THE RECORDS below:

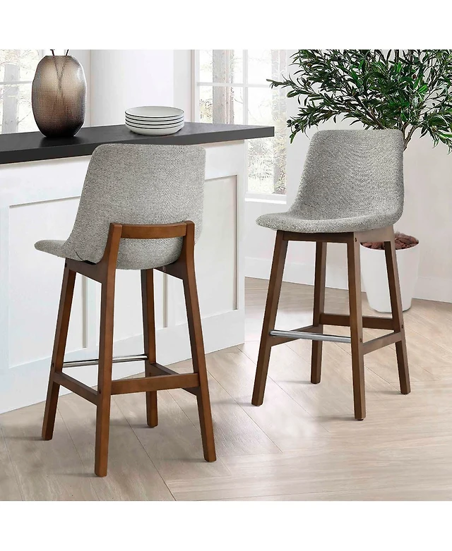 Set of 2 Upholstered Bar Stools with Solid Wood Legs, Modern Counter Height Chairs for Kitchen Island, Bar, or Dining Room-Maison Boucle
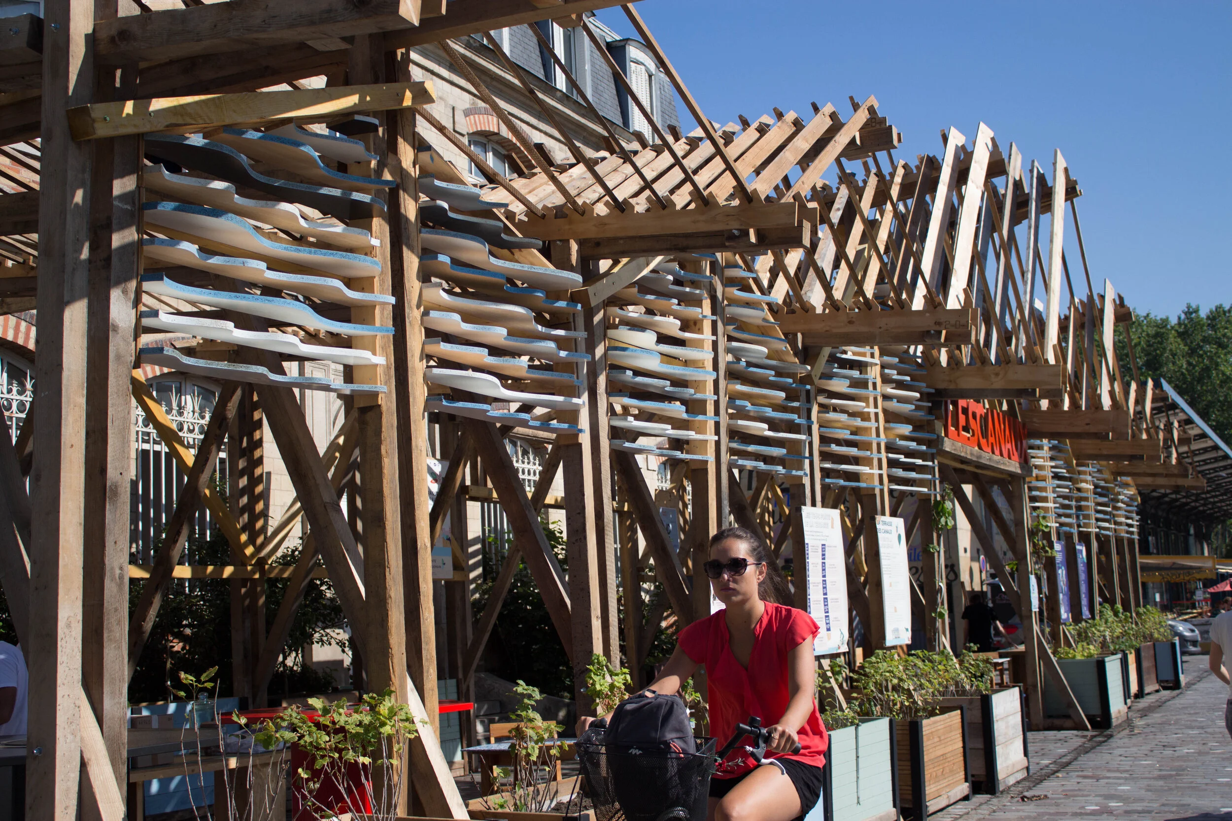 1er projet commun du collectif Re-store : l'Ombrière estivale pour La Maison des Canaux, entièrement en réemploi !
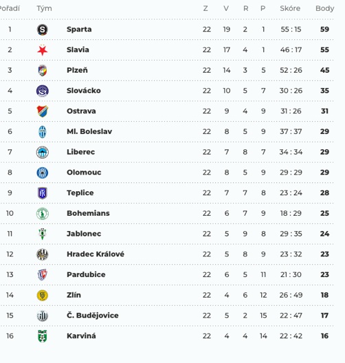 Slavia-Sparta 2:3 (2:2, 1:0)
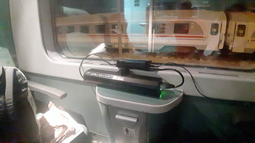 Današnji pređeni kilometri su 107. Obzirom da sutra imam još 30-tak od Nove Gradiške do kuće bilo bi dobro kad bih bateriju malo dopunio. Pored prozora u kupeu uočio sam utičnicu 220 V AC za laptop i slično. Uz samohvalu kako sam se pametno sjetio, spojio sam punjač na bateriju, a zatim sve skupa na utičnicu.
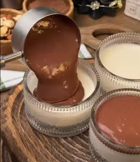 Розлийте отриману білу масу в форми, але не заповнюйте їх до кінця – залиште місце для шоколадного шару. Сховайте форми в морозилку на 10-15 хвилин, щоб білий шар застиг.
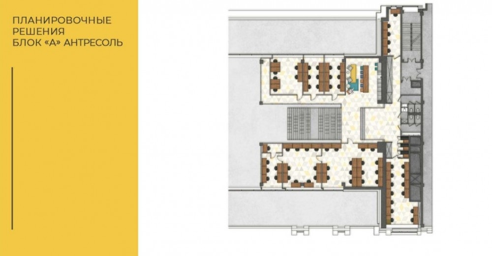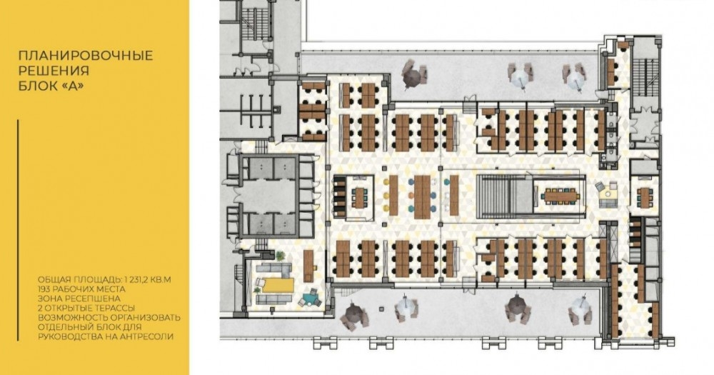 Блок "А" общая площадь 1 231.2 м2. 193 рабочих места, зона ресепшена, 2 открытые террасы, возможность организовать отдельный бок для руководства на антресоли

End of THE RECORDS.

▸ YOUR OBJECTIVE
Word for word, restate the lines above from the one with "1er projet commun" through the one with "Розлийте отриману білу", keeping both ends and dropping the pictures.

▸ SOLUTION FOR THIS TASK
 1er projet commun du collectif Re-store : l'Ombrière estivale pour La Maison des Canaux, entièrement en réemploi !
 Slavia-Sparta 2:3 (2:2, 1:0)
 Današnji pređeni kilometri su 107. Obzirom da sutra imam još 30-tak od Nove Gradiške do kuće bilo bi dobro kad bih bateriju malo dopunio. Pored prozora u kupeu uočio sam utičnicu 220 V AC za laptop i slično. Uz samohvalu kako sam se pametno sjetio, spojio sam punjač na bateriju, a zatim sve skupa na utičnicu.
 Розлийте отриману білу масу в форми, але не заповнюйте їх до кінця – залиште місце для шоколадного шару. Сховайте форми в морозилку на 10-15 хвилин, щоб білий шар застиг.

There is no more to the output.